#### [Assignment]
Give again, word for word, the lines below that run from the line with "Be naugthy and" through the line with "6 green Florentine depression plates". Drop the pictures.

#### [Supplied material]
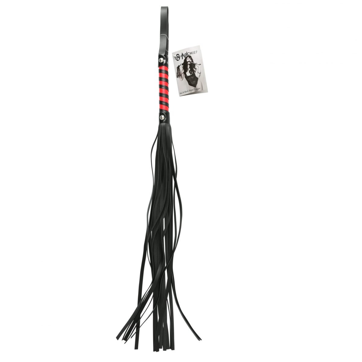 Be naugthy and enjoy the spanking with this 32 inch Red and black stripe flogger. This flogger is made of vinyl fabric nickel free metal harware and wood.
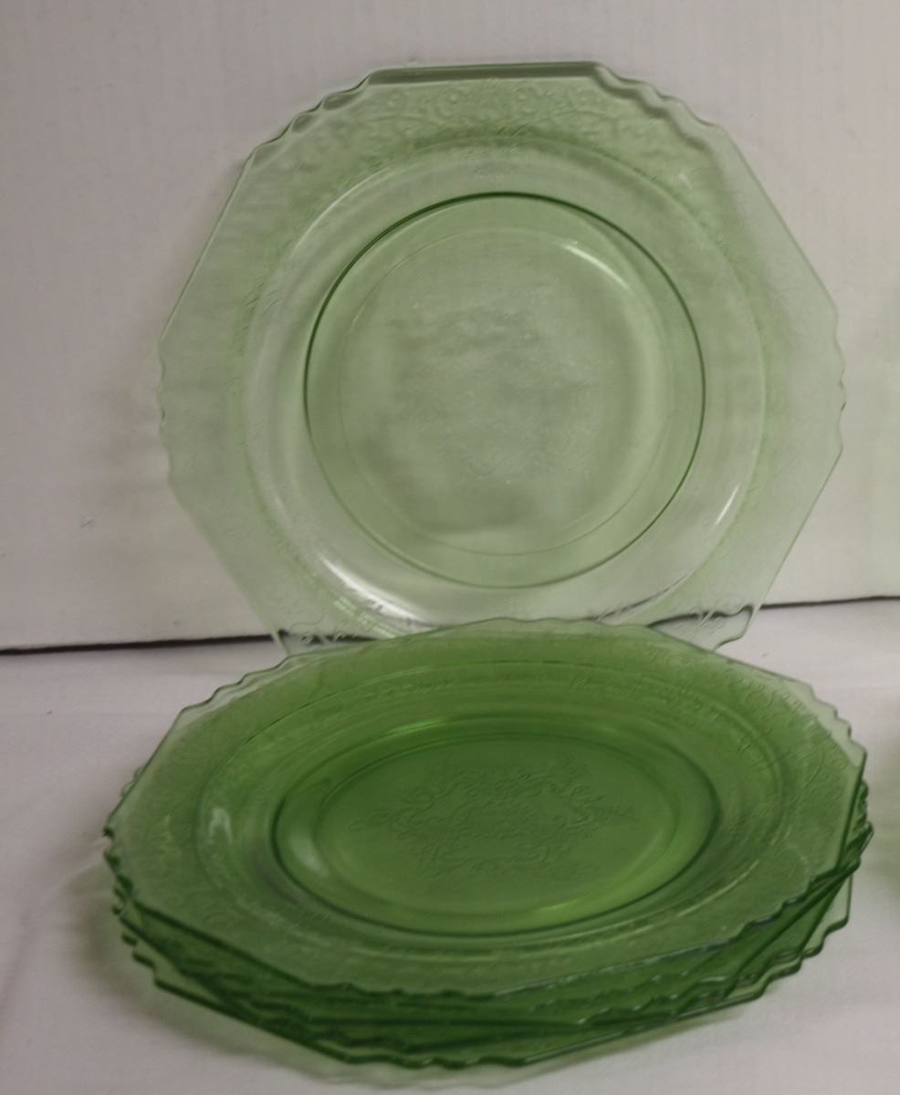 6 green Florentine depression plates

---

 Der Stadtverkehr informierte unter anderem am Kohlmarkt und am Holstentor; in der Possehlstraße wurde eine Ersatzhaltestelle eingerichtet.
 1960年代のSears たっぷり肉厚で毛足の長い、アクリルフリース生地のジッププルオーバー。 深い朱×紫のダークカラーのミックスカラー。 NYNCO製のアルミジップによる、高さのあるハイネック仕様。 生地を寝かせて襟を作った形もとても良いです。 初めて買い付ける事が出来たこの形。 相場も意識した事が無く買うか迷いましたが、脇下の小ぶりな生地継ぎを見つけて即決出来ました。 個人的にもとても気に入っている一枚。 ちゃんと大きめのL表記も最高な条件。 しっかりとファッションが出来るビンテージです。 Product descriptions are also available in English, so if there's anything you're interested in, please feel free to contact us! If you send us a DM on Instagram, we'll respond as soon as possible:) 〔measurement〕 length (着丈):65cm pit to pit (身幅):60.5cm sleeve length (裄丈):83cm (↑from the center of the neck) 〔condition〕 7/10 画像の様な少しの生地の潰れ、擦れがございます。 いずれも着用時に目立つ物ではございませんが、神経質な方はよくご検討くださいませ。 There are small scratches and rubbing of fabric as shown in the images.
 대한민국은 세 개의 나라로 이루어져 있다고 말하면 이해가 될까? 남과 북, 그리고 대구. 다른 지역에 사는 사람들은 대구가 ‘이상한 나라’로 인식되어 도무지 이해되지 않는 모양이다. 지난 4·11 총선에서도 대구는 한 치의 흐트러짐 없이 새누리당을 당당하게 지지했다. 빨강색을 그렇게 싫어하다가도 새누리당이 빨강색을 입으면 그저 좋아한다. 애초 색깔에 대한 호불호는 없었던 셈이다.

#### [Solution to the exercise]
 Be naugthy and enjoy the spanking with this 32 inch Red and black stripe flogger. This flogger is made of vinyl fabric nickel free metal harware and wood.
 6 green Florentine depression plates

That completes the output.